Business transacted, the two came forth, and walked the deck.

"Now tell me, sir," said he with the book, "how comes it that a young gentleman like you, a sedate student at the first appearance, should dabble in stocks and that sort of thing?"

"There are certain sophomorean errors in the world," drawled the sophomore, deliberately adjusting his shirt-collar, "not the least of which is the popular notion touching the nature of the modern scholar, and the nature of the modern scholastic sedateness."

"So it seems, so it seems.
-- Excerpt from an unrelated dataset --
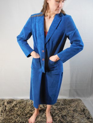 2 Piece Set – Ultrasuede Brand Fabric Blue Color Skirt & Jacket

Really, this is quite a new leaf in my experience."

"Experience, sir," originally observed the sophomore, "is the only teacher."

"Hence am I your pupil; for it's only when experience speaks, that I can endure to listen to speculation."

"My speculations, sir," dryly drawing himself up, "have been chiefly governed by the maxim of Lord Bacon; I speculate in those philosophies which come home to my business and bosom--pray, do you know of any other good stocks?"

"You wouldn't like to be concerned in the New Jerusalem, would you?"

"New Jerusalem?"

"Yes, the new and thriving city, so called, in northern Minnesota. It was originally founded by certain fugitive Mormons. Hence the name. It stands on the Mississippi. Here, here is the map," producing a roll. "There--there, you see are the public buildings--here the landing--there the park--yonder the botanic gardens--and this, this little dot here, is a perpetual fountain, you understand. You observe there are twenty asterisks. Those are for the lyceums. They have lignum-vitae rostrums."

"And are all these buildings now standing?"

"All standing--bona fide."

"These marginal squares here, are they the water-lots?"

"Water-lots in the city of New Jerusalem? All terra firma--you don't seem to care about investing, though?"

"Hardly think I should read my title clear, as the law students say," yawned the collegian.

"Prudent--you are prudent. Don't know that you are wholly out, either. At any rate, I would rather have one of your shares of coal stock than two of this other. Still, considering that the first settlement was by two fugitives, who had swum over naked from the opposite shore--it's a surprising place. It is, bona fide.--But dear me, I must go. Oh, if by possibility you should come across that unfortunate man----"

"--In that case," with drawling impatience, "I will send for the steward, and have him and his misfortunes consigned overboard."

"Ha ha!--now were some gloomy philosopher here, some theological bear, forever taking occasion to growl down the stock of human nature (with ulterior views, d'ye see, to a fat benefice in the gift of the worshipers of Ariamius), he would pronounce that the sign of a hardening heart and a softening brain. Yes, that would be his sinister construction. But it's nothing more than the oddity of a genial humor--genial but dry. Confess it. Good-bye."